Starting with the line that has "Dan gaan we" in the records below and ending with the line that has "काम चल रहा है.", output those lines exactly and nothing more; omit the pictures.

● **Study material**:
[Start of Attachment]

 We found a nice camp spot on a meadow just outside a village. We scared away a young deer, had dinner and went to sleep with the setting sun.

[End of Attachment]
[Start of Attachment]

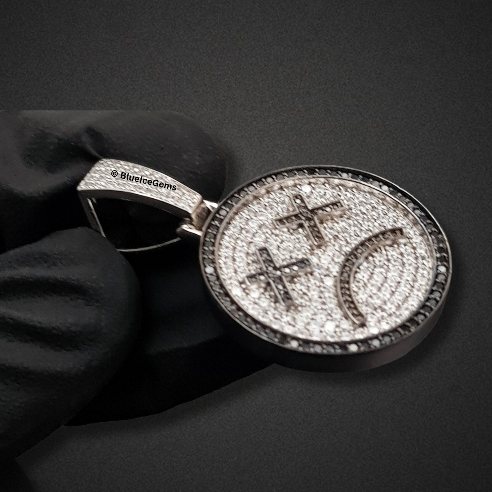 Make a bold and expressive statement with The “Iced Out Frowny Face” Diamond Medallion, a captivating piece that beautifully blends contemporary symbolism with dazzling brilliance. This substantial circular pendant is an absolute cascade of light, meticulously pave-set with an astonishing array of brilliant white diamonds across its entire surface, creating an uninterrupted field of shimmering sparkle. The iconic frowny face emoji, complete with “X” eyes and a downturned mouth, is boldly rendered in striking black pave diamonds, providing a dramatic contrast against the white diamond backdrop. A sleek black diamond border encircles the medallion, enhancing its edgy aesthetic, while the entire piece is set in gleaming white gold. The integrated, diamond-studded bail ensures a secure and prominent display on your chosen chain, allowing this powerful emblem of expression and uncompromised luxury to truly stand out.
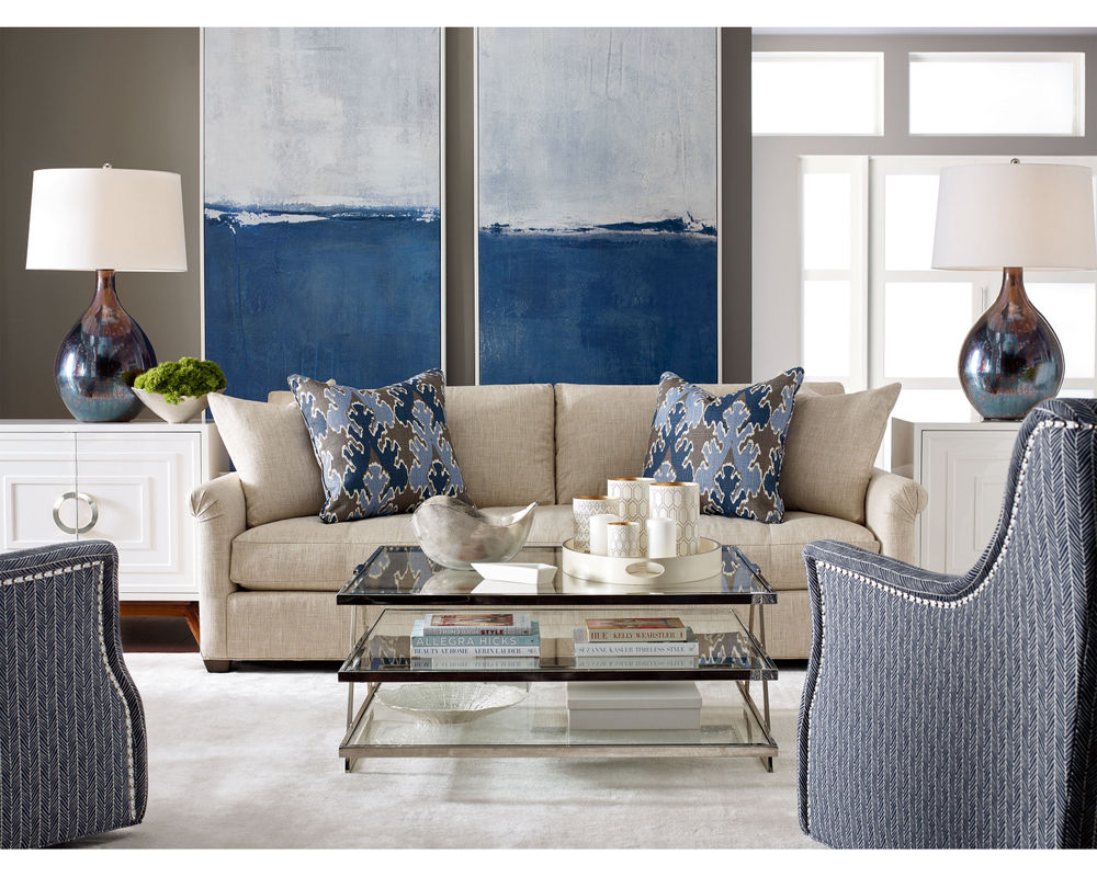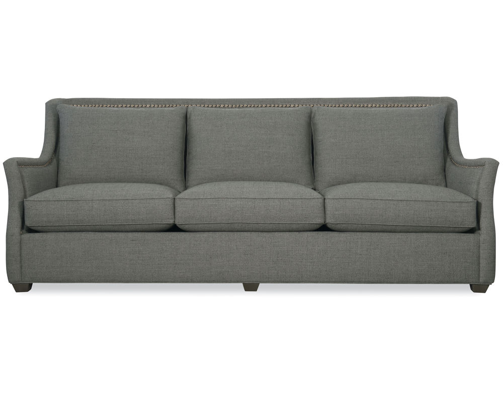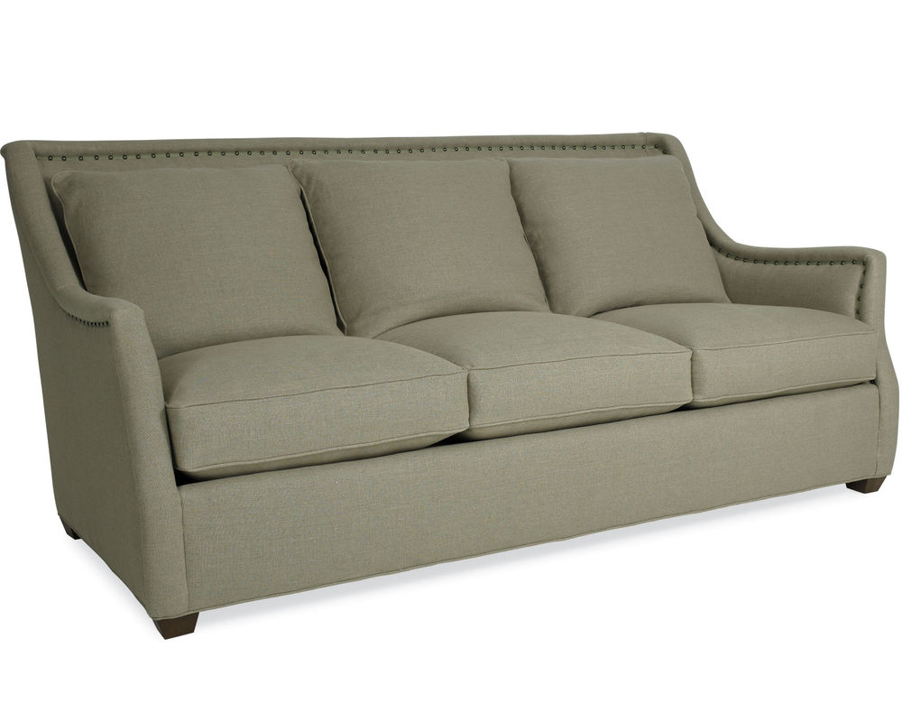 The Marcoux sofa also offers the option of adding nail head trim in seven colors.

[End of Attachment]
[Start of Attachment]

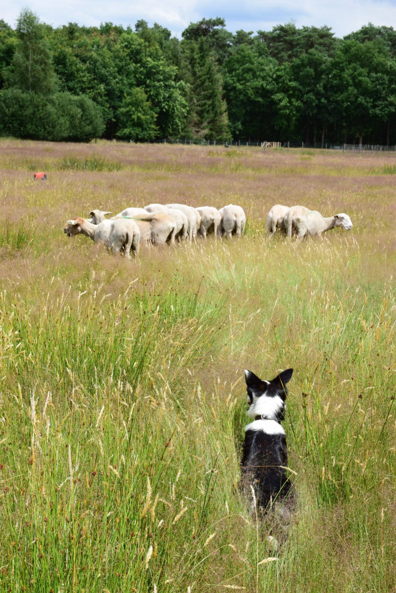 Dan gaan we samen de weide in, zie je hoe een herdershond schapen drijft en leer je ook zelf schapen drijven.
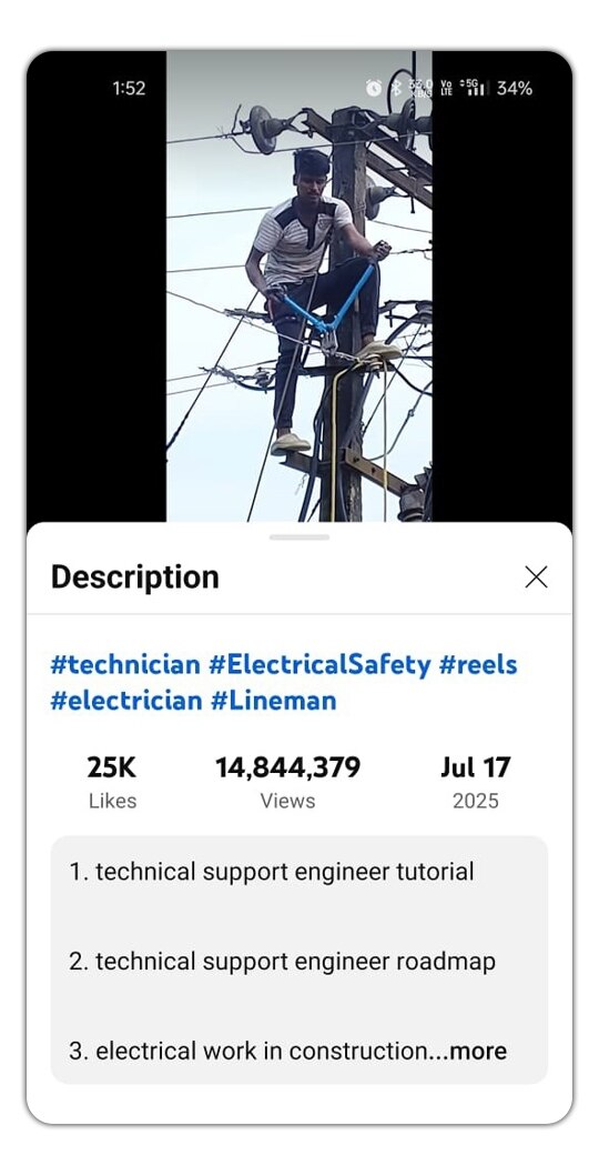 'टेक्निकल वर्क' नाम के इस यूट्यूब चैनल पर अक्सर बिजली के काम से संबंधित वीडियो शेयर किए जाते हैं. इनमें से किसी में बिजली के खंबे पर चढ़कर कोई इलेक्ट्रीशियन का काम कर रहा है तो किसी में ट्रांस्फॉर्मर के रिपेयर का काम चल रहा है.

[End of Attachment]

● **Solution to this problem**:
 Dan gaan we samen de weide in, zie je hoe een herdershond schapen drijft en leer je ook zelf schapen drijven.
 'टेक्निकल वर्क' नाम के इस यूट्यूब चैनल पर अक्सर बिजली के काम से संबंधित वीडियो शेयर किए जाते हैं. इनमें से किसी में बिजली के खंबे पर चढ़कर कोई इलेक्ट्रीशियन का काम कर रहा है तो किसी में ट्रांस्फॉर्मर के रिपेयर का काम चल रहा है.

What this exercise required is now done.